INTERVIEW WITH EDGAR MEYER
Interview with Edgar Meyer
Multiple Grammy and MacArthur award winning instrumentalist and Composer
When listening to Edgar Meyer and Chris Thile’s Bass and Mandolin album – it’s amazing how the mandolin and bass weave together so easily even though they are from different sonic spectrums.
The duo’s music flows with call and response, delights with the quick melodic fingering conversation of Chris’s mandolin and the dancing, gliding bow strums of Edgar’s bass. It’s more than peanut butter and jelly…it’s like a flowing chocolate caramel swirl that delights your mind and fills your senses. And as it is with all good cooking, you can’t help but ask for more. They are very much at home playing together and this album invites us in for a listen.
I spoke with Edgar Meyer about his music and recent recording as well as the 2014 Fall tour.
AS: I believe you started to play double bass at an early age (5). Additionally you play piano, guitar, banjo, violin, mandolin and dobro.
EM: Other than bass, mostly I play piano. Most of the people I play with are multi-instrumentalists and usually there’s one or two that they’re better on…like I’m better on bass and trying to get by on piano too. And that’s pretty common, I have some classical music friends that specialize in one instrument, but my non-classical friends almost everybody would fit that same multi-instrument category.

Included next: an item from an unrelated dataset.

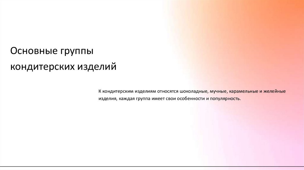 Кондитерские изделия разделяются на группы по составу и способу изготовления:

AS: Do you think this bolsters and/or fosters an understanding for your compositions as well as your various collaborations? (Béla Fleck and Zakir Hussain, a quartet with Joshua Bell, Sam Bush and Mike Marshall; a trio with Béla Fleck and Mike Marshall; and a trio with Yo-Yo Ma and Mark O’Connor, Goat Rodeo Sessions and currently Chris Thile.)

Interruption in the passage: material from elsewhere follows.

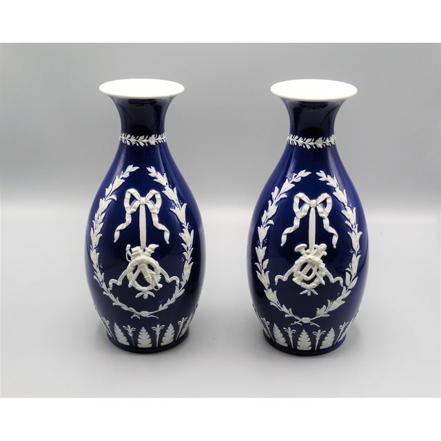 English Wedgwood Vases Pair With Swags Bows Chairish

EM: Having familiarly of playing different instruments, it’s part of it.
AS: With you and Chris performing on and off for more than a decade, how did this musical conversation begin?
EM: First of all we’re both from the same community. People that he was getting to know when he was 10-11 years old, were all the same people that I’ve been with all these years – such as Sam Bush producing Chris’s second record and also both of our fathers are bass players. So a lot of overlap. The most significant overlap is we simply both have a completely serious interest in a fairly wide range of music in particular being very involved in Bluegrass and related music, and Classical music although in different ways for each of us. We’re able to connect immediately on a lot of levels.

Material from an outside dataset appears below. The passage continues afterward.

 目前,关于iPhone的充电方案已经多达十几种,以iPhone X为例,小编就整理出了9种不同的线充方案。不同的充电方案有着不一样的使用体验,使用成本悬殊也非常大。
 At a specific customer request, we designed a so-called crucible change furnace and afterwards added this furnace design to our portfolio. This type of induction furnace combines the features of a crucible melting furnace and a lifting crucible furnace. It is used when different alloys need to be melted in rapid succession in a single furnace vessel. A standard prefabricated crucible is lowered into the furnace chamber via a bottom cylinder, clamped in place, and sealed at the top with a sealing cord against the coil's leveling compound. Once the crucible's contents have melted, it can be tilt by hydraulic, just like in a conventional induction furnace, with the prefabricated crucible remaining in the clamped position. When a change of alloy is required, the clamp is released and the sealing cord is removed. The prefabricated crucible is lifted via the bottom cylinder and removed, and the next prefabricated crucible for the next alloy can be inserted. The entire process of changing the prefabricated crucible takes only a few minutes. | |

AS: How do you influence each other musically in your approach to the material you both write?
EM: We’re both trying to learn from each other. Every time I work with him I have five more ideas of how to do things musically and that dynamic continues and so it’s an evolving process. Especially the writing, we want the writing to be more interesting and more connected than it was the last time, we want to learn from our mistakes and we learn from each other. Chris is able to point out things I wish had been another way last time and I try to make them that way this time. Without being remotely difficult, I think we’re highly critical of all aspects of our writing process. And we’re able to do it without tremendous tension but with a seriousness of purpose.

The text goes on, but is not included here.